*** Opening of DATA TO PROCESS ***

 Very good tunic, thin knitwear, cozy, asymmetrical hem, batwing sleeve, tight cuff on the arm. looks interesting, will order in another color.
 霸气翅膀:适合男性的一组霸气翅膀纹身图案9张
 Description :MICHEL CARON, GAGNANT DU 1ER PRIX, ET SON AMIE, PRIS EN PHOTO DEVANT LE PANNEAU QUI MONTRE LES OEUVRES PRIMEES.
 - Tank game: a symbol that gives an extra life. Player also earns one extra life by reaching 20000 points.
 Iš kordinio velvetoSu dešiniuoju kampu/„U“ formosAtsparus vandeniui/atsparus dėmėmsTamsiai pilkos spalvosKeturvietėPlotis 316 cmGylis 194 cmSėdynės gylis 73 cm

*** Close of DATA TO PROCESS ***
*** Opening of DATA TO PROCESS ***

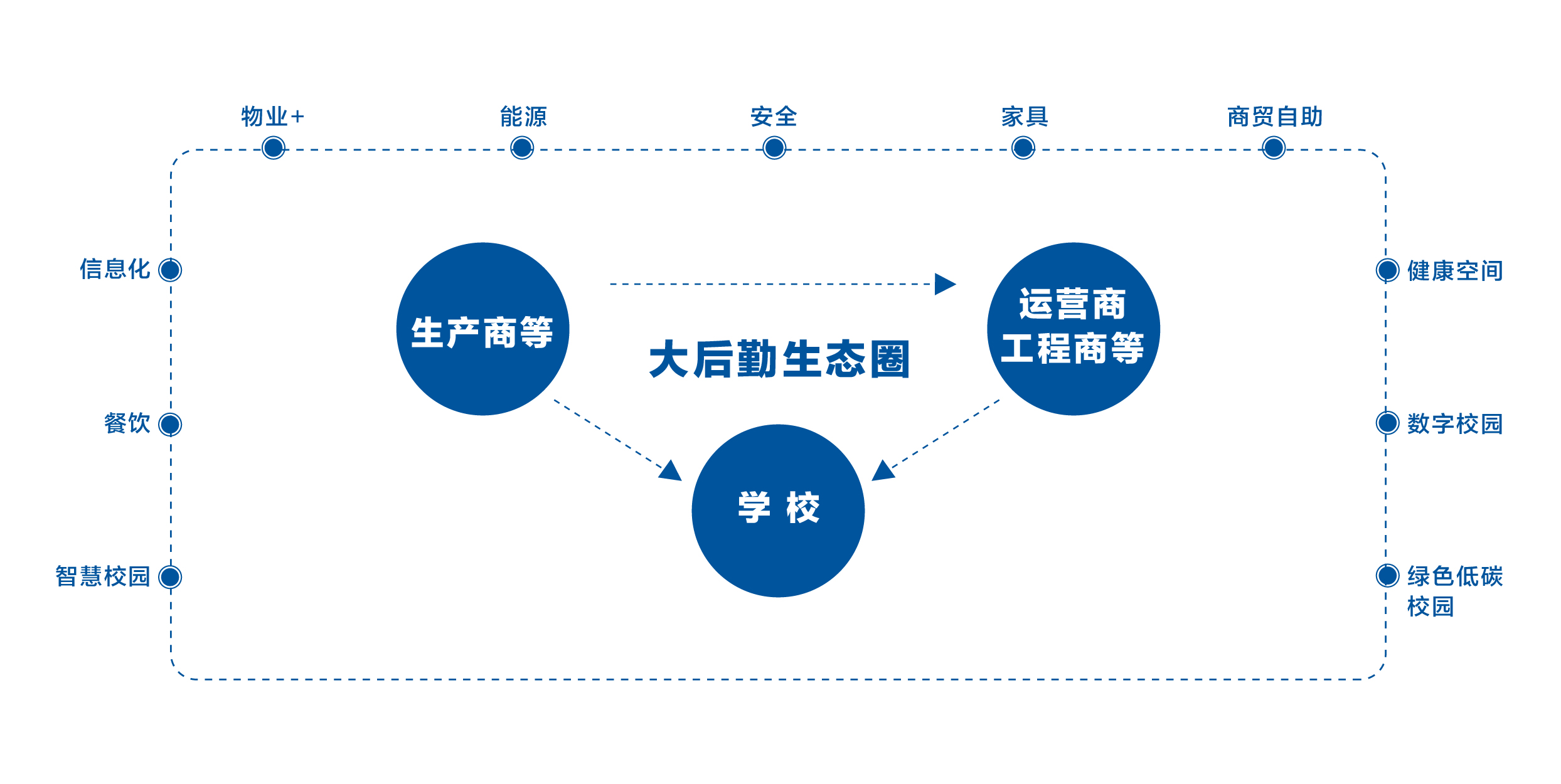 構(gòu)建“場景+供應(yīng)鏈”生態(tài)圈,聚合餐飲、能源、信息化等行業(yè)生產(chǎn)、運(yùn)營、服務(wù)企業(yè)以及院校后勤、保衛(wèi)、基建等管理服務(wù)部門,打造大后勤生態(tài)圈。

*** Close of DATA TO PROCESS ***

◆ PROBLEM REQUIREMENTS:
The expected answer is an exact copy of the lines above, beginning at the line with "Description :MICHEL CARON, GAGNANT" and ending at the line with "Iš kordinio velvetoSu", with both ends in.

◆ THE COMPLETED TASK:
 Description :MICHEL CARON, GAGNANT DU 1ER PRIX, ET SON AMIE, PRIS EN PHOTO DEVANT LE PANNEAU QUI MONTRE LES OEUVRES PRIMEES.
 - Tank game: a symbol that gives an extra life. Player also earns one extra life by reaching 20000 points.
 Iš kordinio velvetoSu dešiniuoju kampu/„U“ formosAtsparus vandeniui/atsparus dėmėmsTamsiai pilkos spalvosKeturvietėPlotis 316 cmGylis 194 cmSėdynės gylis 73 cm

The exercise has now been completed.